Brier score to assess the accuracy of probabilistic predictions
BrierScore.Rd
The Brier score is a proper score function that measures the accuracy of probabilistic predictions.
Arguments
- z
a matrix containing the predicted probabilities of each observation to be classified in one of the classes. Thus, the number of rows must match the length of
class
, and the number of columns the number of known classes.- class
a numeric, character vector or factor containing the known class labels for each observation. If
class
is a factor, the number of classes isnlevels(class)
with classeslevels(class)
. Ifclass
is a numeric or character vector, the number of classes is equal to the number of classes obtained viaunique(class)
.
Details
The Brier Score is the mean square difference between the true classes and the predicted probabilities.
This function implements the original multi-class definition by Brier (1950), normalized to \([0,1]\) as in Kruppa et al (2014). The formula is the following: $$ BS = \frac{1}{2n} \sum_{i=1}^n \sum_{k=1}^K (C_{ik} - p_{ik})^2 $$ where \(n\) is the number of observations, \(K\) the number of classes, \(C_{ik} = \{0,1\}\) the indicator of class \(k\) for observation \(i\), and \(p_{ik}\) is the predicted probability of observation \(i\) to belong to class \(k\).
The above formulation is applicable to multi-class predictions, including the binary case. A small value of the Brier Score indicates high prediction accuracy.
The Brier Score is a strictly proper score (Gneiting and Raftery, 2007), which means that it takes its minimal value only when the predicted probabilities match the empirical probabilities.
References
Brier, G.W. (1950) Verification of forecasts expressed in terms of probability. Monthly Weather Review, 78 (1): 1-3.
Gneiting, G. and Raftery, A. E. (2007) Strictly proper scoring rules, prediction, and estimation. Journal of the American Statistical Association 102 (477): 359-378.
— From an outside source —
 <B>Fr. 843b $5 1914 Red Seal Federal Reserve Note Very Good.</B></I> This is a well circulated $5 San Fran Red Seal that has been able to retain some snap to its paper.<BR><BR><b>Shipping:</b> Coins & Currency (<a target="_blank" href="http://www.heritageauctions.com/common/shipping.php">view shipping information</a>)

Kruppa, J., Liu, Y., Diener, H.-C., Holste, T., Weimar, C., Koonig, I. R., and Ziegler, A. (2014) Probability estimation with machine learning methods for dichotomous and multicategory outcome: Applications. Biometrical Journal, 56 (4): 564-583.
Examples
# multi-class case
class <- factor(c(5,5,5,2,5,3,1,2,1,1), levels = 1:5)
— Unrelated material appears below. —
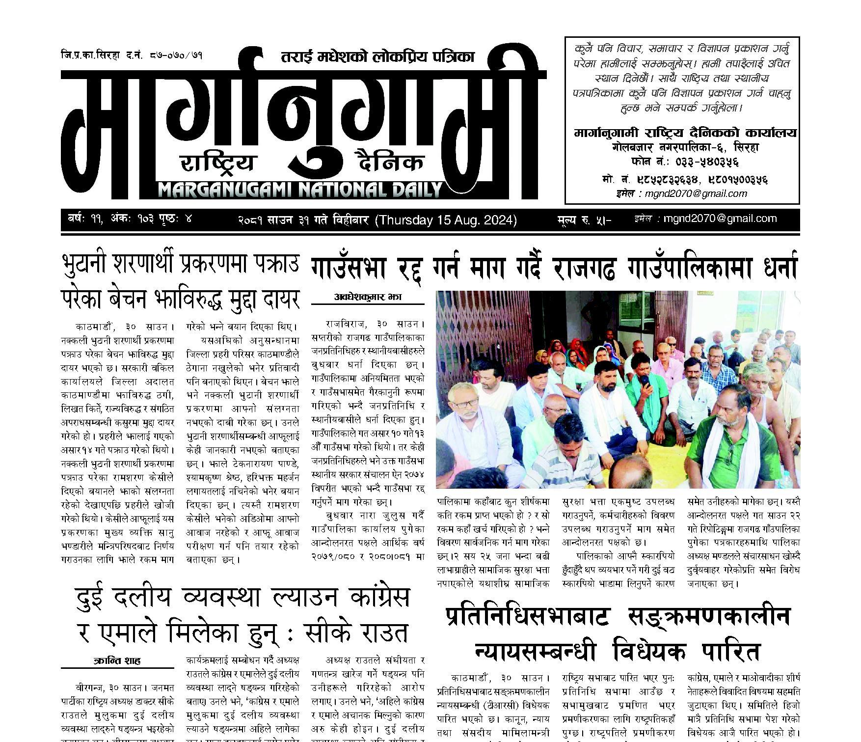 २०८१ साउन ३१ गते विहीबार (Thursday 15 Aug. 2024)

probs <- matrix(c(0.15, 0.01, 0.08, 0.23, 0.01, 0.23, 0.59, 0.02, 0.38, 0.45,
0.36, 0.05, 0.30, 0.46, 0.15, 0.13, 0.06, 0.19, 0.27, 0.17,
0.40, 0.34, 0.18, 0.04, 0.47, 0.34, 0.32, 0.01, 0.03, 0.11,
0.04, 0.04, 0.09, 0.05, 0.28, 0.27, 0.02, 0.03, 0.12, 0.25,
0.05, 0.56, 0.35, 0.22, 0.09, 0.03, 0.01, 0.75, 0.20, 0.02),
nrow = 10, ncol = 5)
cbind(class, probs, map = map(probs))
#> class map
#> [1,] 5 0.15 0.36 0.40 0.04 0.05 3
#> [2,] 5 0.01 0.05 0.34 0.04 0.56 5
#> [3,] 5 0.08 0.30 0.18 0.09 0.35 5
#> [4,] 2 0.23 0.46 0.04 0.05 0.22 2
#> [5,] 5 0.01 0.15 0.47 0.28 0.09 3
#> [6,] 3 0.23 0.13 0.34 0.27 0.03 3
#> [7,] 1 0.59 0.06 0.32 0.02 0.01 1
#> [8,] 2 0.02 0.19 0.01 0.03 0.75 5
#> [9,] 1 0.38 0.27 0.03 0.12 0.20 1
#> [10,] 1 0.45 0.17 0.11 0.25 0.02 1
BrierScore(probs, class)
#> [1] 0.33144
# two-class case
class <- factor(c(1,1,1,2,2,1,1,2,1,1), levels = 1:2)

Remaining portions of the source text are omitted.